A Declaração Anual do Simples Nacional para o Microempreendedor Individual (DASN-Simei) é uma exigência da Receita Federal que deve ser cumprida anualmente por quem atua como MEI. Nessa declaração, o empreendedor informa o faturamento bruto do ano anterior, mesmo que não tenha registrado nenhuma receita.

O prazo para envio da DASN-Simei vai até o dia 31 de maio de cada ano.
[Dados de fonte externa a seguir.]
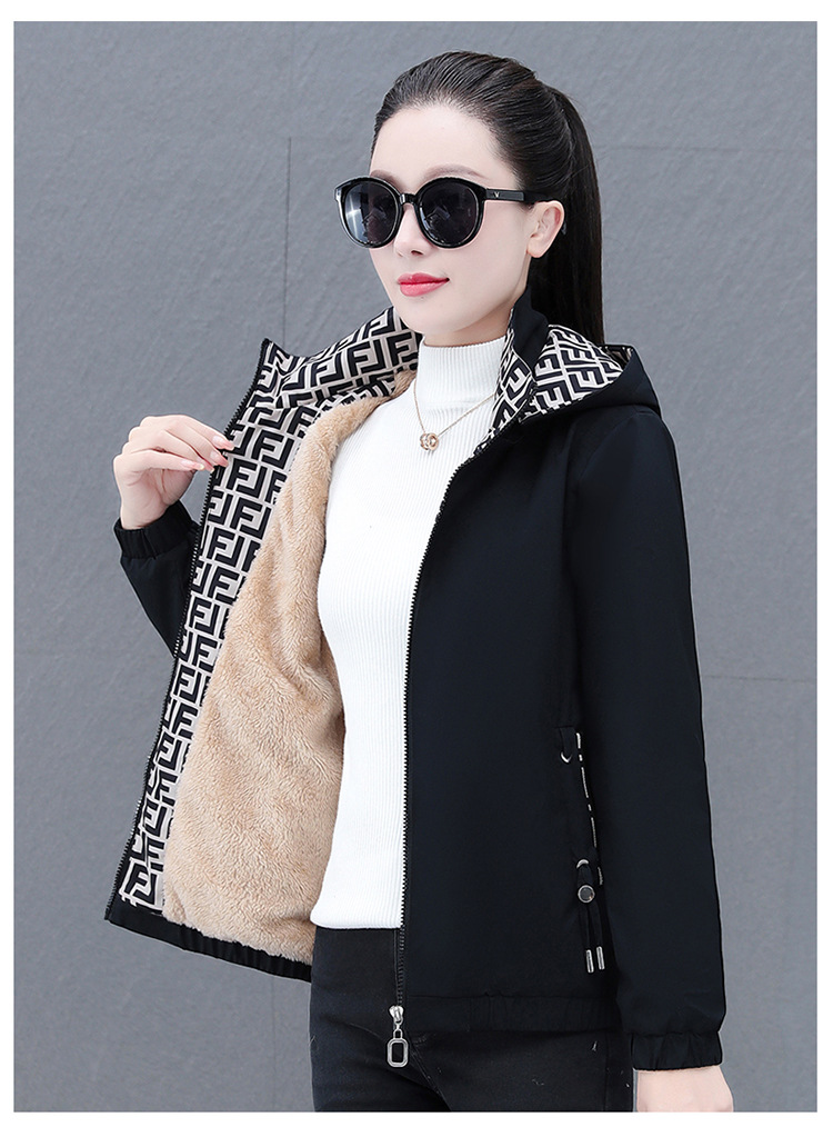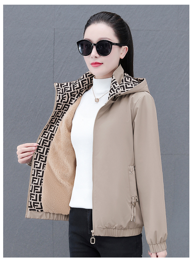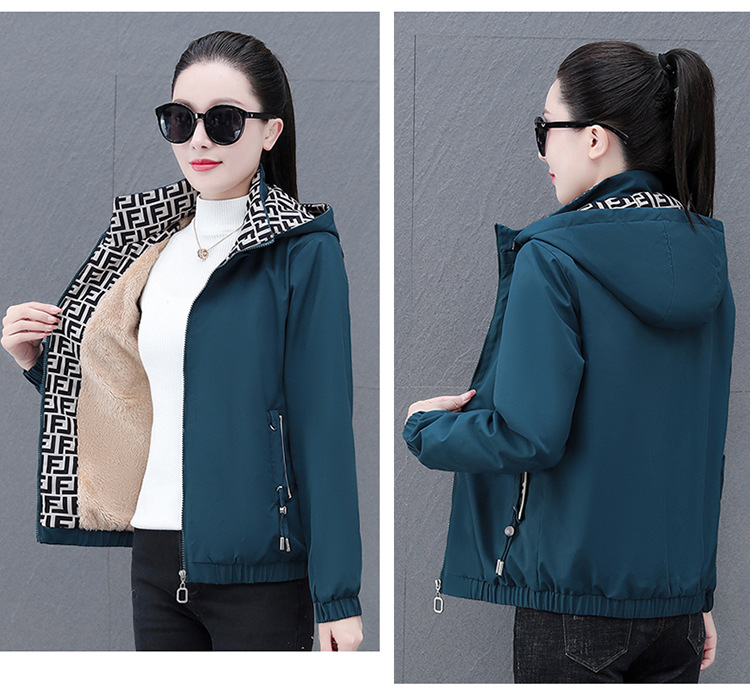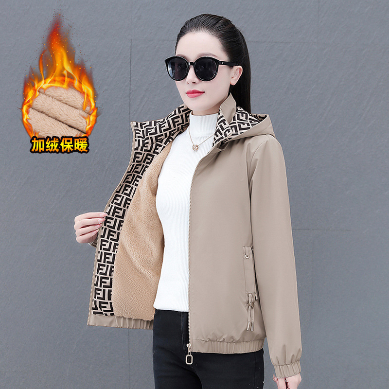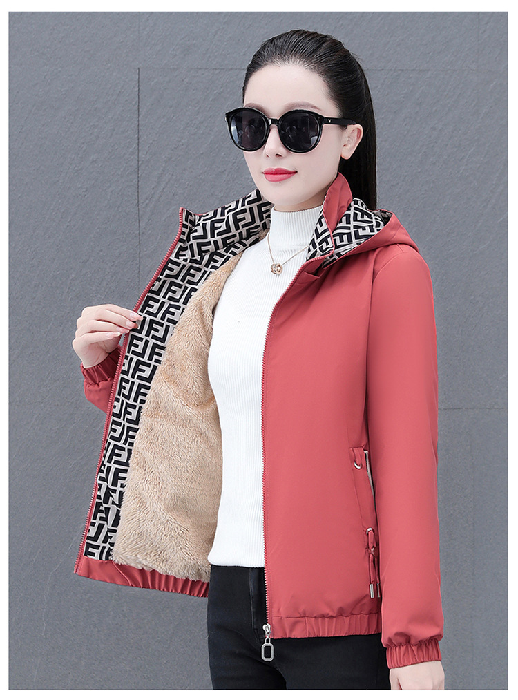 중년 엄마 람스울 기모 두꺼운 따뜻한 재킷 코트 여성의 가을과 겨울 후드 분리 가능한 캐주얼 탑

O envio fora desse prazo pode gerar multa mínima de R$ 50 ou 2% ao mês sobre os tributos devidos, limitada a 20%. Caso o pagamento da multa seja feito em até 30 dias após a notificação, há um desconto de 50%.
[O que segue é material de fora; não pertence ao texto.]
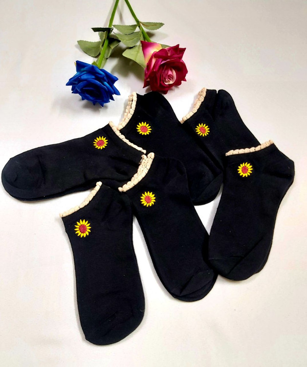 جوراب مچینخ پنبه لبه دالبری با رنگ مشکی و طرح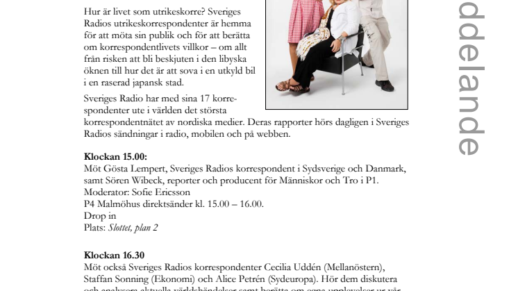 Möt också Sveriges Radios korrespondenter Cecilia Uddén (Mellanöstern), Staffan Sonning (Ekonomi) och Alice Petrén (Sydeuropa). Hör dem diskutera och analysera aktuella världshändelser samt berätta om egna upplevelser ur vår tids historia. Moderator: Erik Blix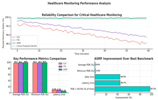 Figure 11 shows the reliability comparison for critical healthcare monitoring data. ASMF consistently maintained reliability above the 99.9% threshold required for critical healthcare applications, while benchmark approaches occasionally dropped below this critical level. Table 15 presents key performance metrics for this scenario.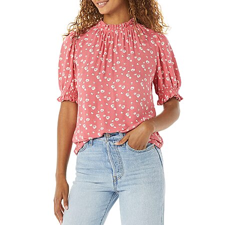 Amazon Essentials Women's Fluid Twill Short Puff Sleeve Smock Detail Shirt (Various) $7.70 + Shipping is free w/ Prime or on 35+
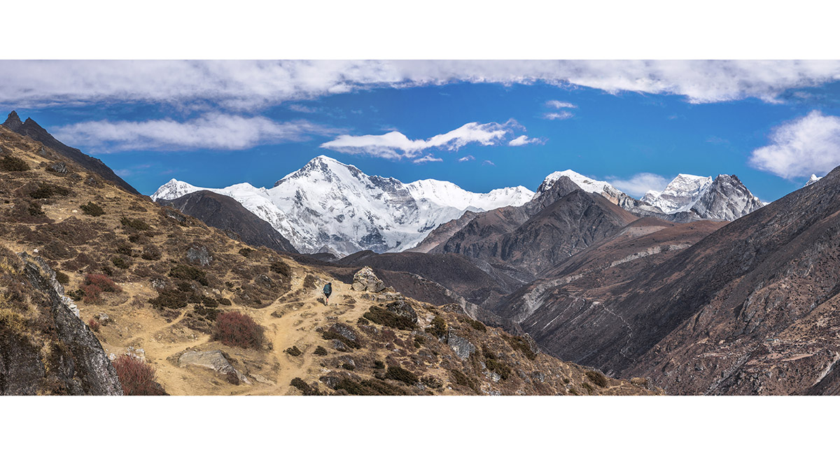 A view north to Cho Oyu (8,201m) from near Lhabarma (4,320m), on the trail to Gokyo

O que acontece se não entregar a DASN-Simei

A omissão da declaração pode tornar o CNPJ inapto, o que impede a emissão de notas fiscais, a contratação de crédito com juros reduzidos e o acesso aos benefícios do INSS. A consequência mais grave, porém, é a possível exclusão do MEI do regime do Simples Nacional.
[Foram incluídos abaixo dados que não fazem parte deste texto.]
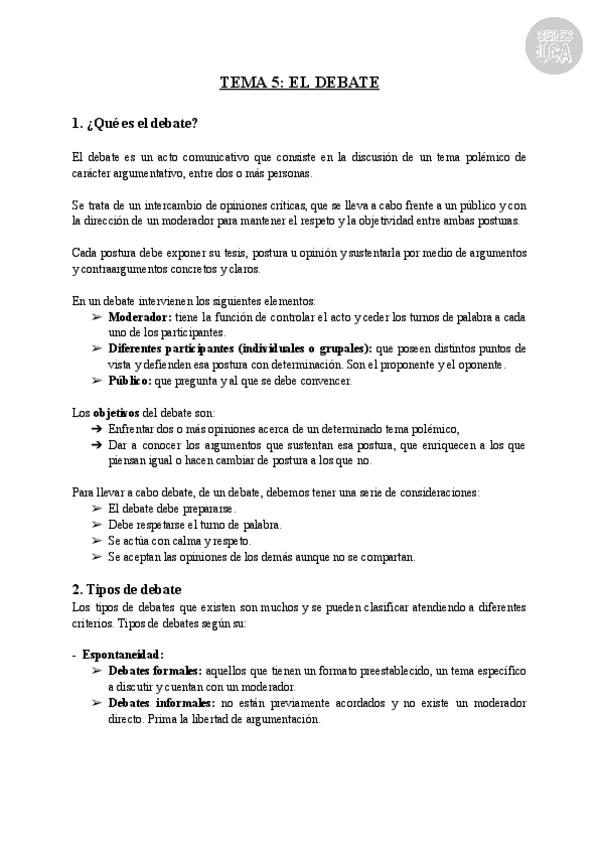 He publicado nuevos apuntes de 1º Pensamiento Critico, Discurso y Argumentación: TEMA-5-EL-DEBATE.pdf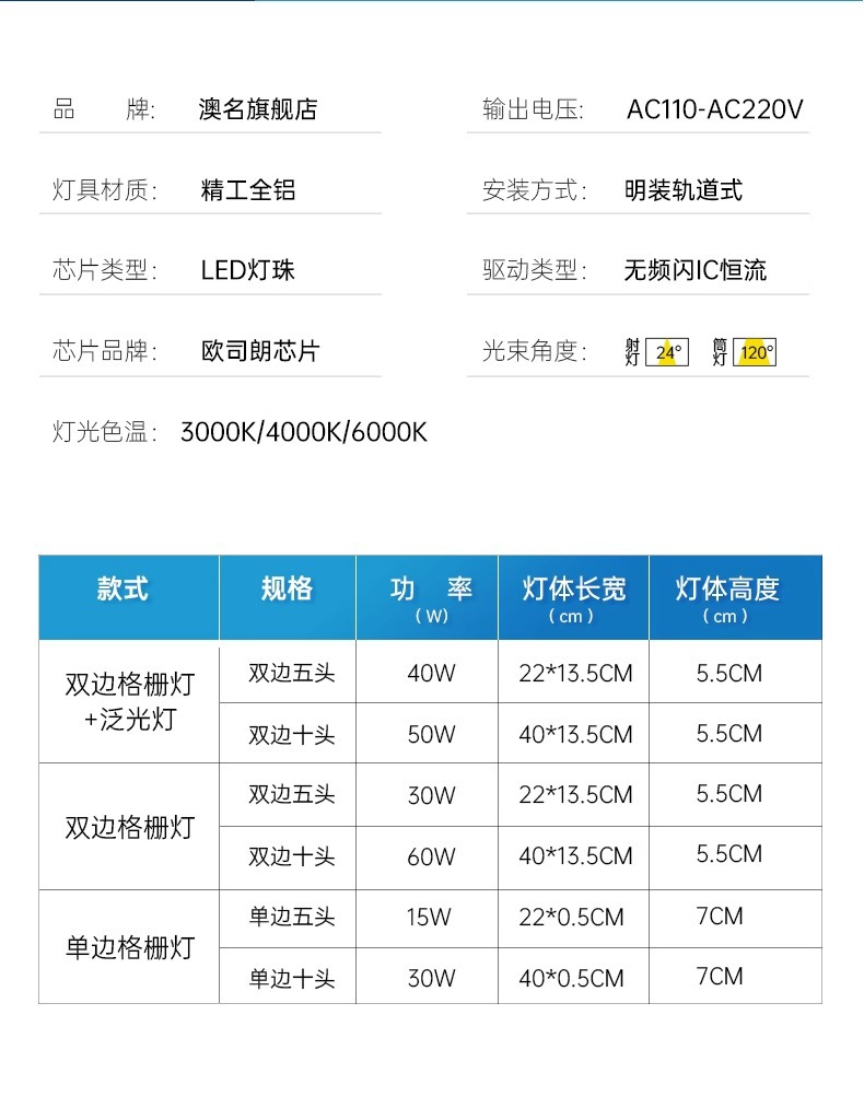 色温 单边五头 15W,单边十头 20W,单边十五头 28W,双边五头-24W,双边十头30W,双边十五头36W,三边发光五头32W,三面发光十头40W,三面发光十五头72W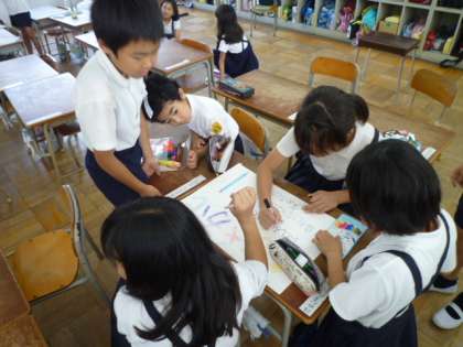 ルール説明の練習やポスター作りなど班で協力して行うことができました。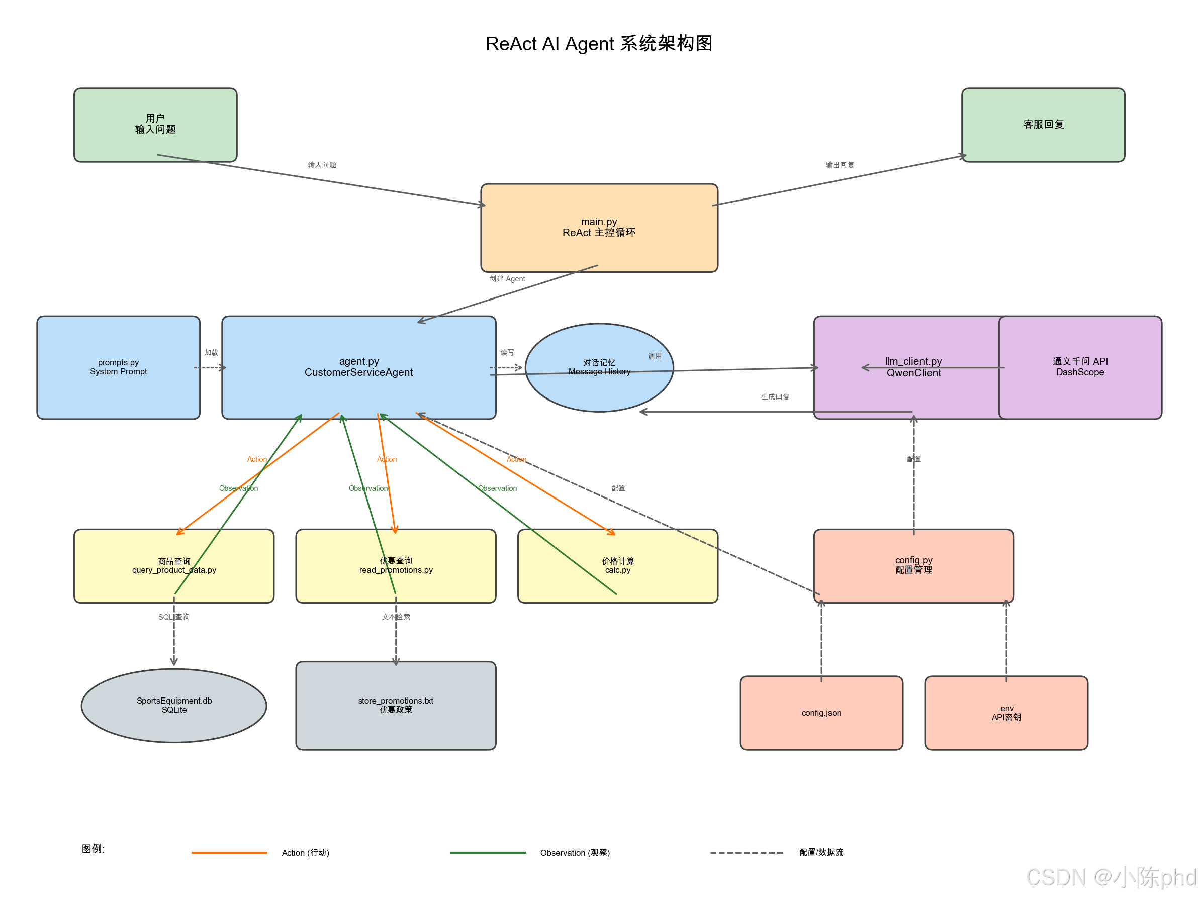 因此,v2 版本的核心目标不是简单"接入 LangChain",而是构建一个 具备工具感知、上下文保持、业务规则约束与安全计算能力 的电商客服 Agent。

Além disso, o empreendedor inadimplente fica com pendências no CPF vinculado, dificultando a obtenção de financiamentos, emissão de certidões negativas e participação em licitações públicas.

Perda de direitos e benefícios

Prejuízos previdenciários e fiscais

Quando o MEI deixa de cumprir suas obrigações fiscais, como a entrega da DASN-Simei, ele pode perder o direito aos benefícios previdenciários como aposentadoria por idade, auxílio-doença, salário-maternidade e pensão por morte.

Isso ocorre porque o não envio da declaração impede a emissão do DAS, o boleto mensal de contribuição. Sem o pagamento do DAS, o MEI fica descoberto perante o INSS e perde os benefícios vinculados à contribuição.

Comprometimento da imagem do negócio

Outro ponto que prejudica o microempreendedor é a impossibilidade de emitir nota fiscal, o que pode afetar a credibilidade com clientes e fornecedores. Empresas contratantes, por exemplo, geralmente exigem nota fiscal para fechar negócios, especialmente em processos licitatórios ou contratações maiores.

Sem esse documento, o MEI corre o risco de ser visto como informal, mesmo sendo legalmente registrado, perdendo oportunidades de crescimento e expansão.

Exclusão do Simples Nacional: entenda o impacto

Aumento da carga tributária

Se o MEI for excluído do Simples Nacional, ele deixa de ter direito às alíquotas reduzidas e ao modelo simplificado de arrecadação. Na prática, isso significa que ele terá que pagar impostos como IRPJ, CSLL, PIS, Cofins e ISS de forma separada, o que representa um aumento significativo na carga tributária.

Essa mudança obriga o empreendedor a se enquadrar em um novo regime tributário (como o Lucro Presumido ou Lucro Real), o que pode exigir a contratação de um contador e maior complexidade na gestão financeira da empresa.

Risco de baixa do CNPJ

Além da exclusão do Simples, o MEI que não regularizar sua situação pode ter o CNPJ suspenso ou até cancelado pela Receita Federal. Isso inviabiliza qualquer atividade empresarial legalizada e obriga o empreendedor a iniciar um processo de reabertura ou migração para outro tipo de empresa.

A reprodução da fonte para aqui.